▸ **RECORDED INFORMATION**

###

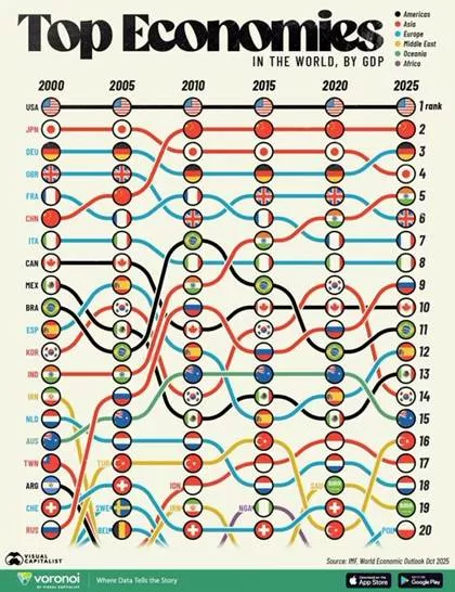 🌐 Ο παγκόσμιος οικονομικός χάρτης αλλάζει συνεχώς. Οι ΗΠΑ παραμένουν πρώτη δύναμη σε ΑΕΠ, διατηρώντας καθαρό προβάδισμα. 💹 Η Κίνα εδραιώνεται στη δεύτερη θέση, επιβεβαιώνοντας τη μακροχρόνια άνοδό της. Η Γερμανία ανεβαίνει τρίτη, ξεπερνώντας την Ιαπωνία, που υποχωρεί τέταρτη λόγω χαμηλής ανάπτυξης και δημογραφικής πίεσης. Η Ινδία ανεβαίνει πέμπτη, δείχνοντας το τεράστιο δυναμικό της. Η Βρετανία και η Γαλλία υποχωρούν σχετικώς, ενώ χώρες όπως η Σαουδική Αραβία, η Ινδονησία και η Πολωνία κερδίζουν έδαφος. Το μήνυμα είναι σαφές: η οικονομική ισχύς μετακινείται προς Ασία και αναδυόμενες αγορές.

###

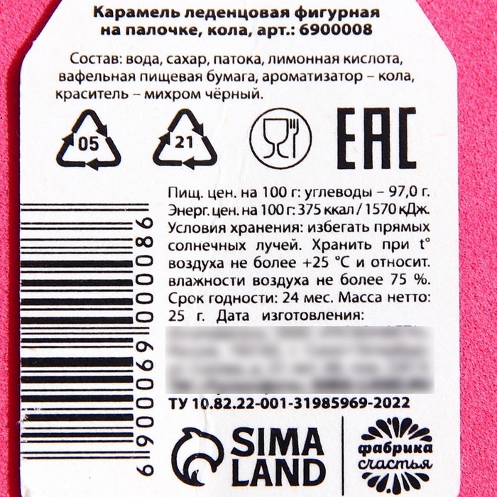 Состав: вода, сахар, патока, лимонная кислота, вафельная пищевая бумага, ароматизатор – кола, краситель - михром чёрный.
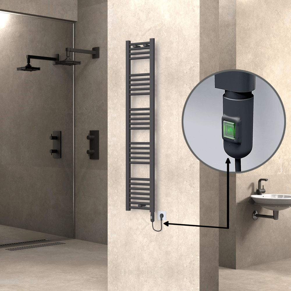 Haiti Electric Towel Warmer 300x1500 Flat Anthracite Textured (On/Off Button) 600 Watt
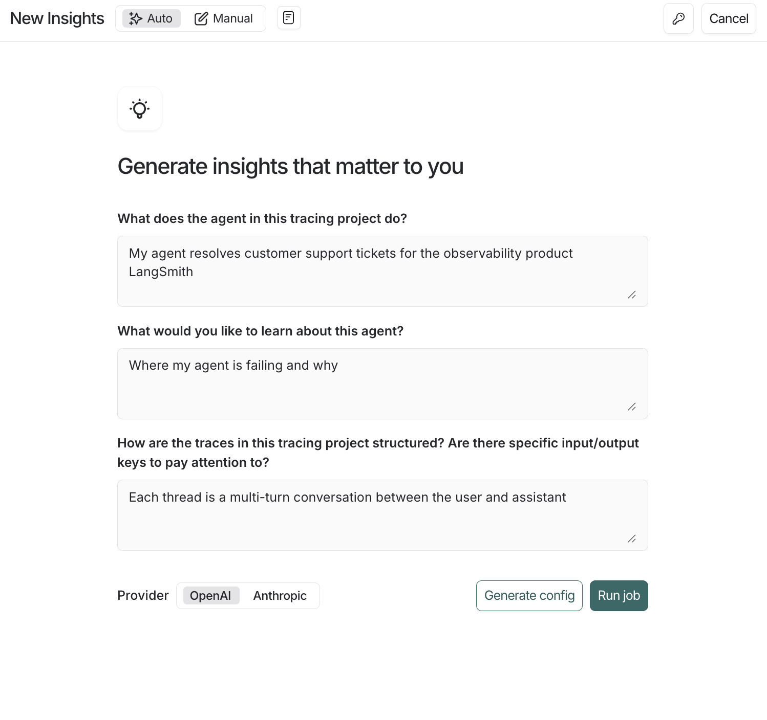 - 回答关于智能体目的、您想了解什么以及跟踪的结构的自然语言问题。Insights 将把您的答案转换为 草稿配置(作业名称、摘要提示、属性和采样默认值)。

###

▸ **TASK BRIEF**
Out of the records above, set down only the lines from the one that contains "Haiti Electric Towel" through the one that contains "- 回答关于智能体目的、您想了解什么以及跟踪的结构的自然语言问题。Insights 将把您的答案转换为", unchanged and without the pictures.

▸ **WORKED SOLUTION**
 Haiti Electric Towel Warmer 300x1500 Flat Anthracite Textured (On/Off Button) 600 Watt
 - 回答关于智能体目的、您想了解什么以及跟踪的结构的自然语言问题。Insights 将把您的答案转换为 草稿配置(作业名称、摘要提示、属性和采样默认值)。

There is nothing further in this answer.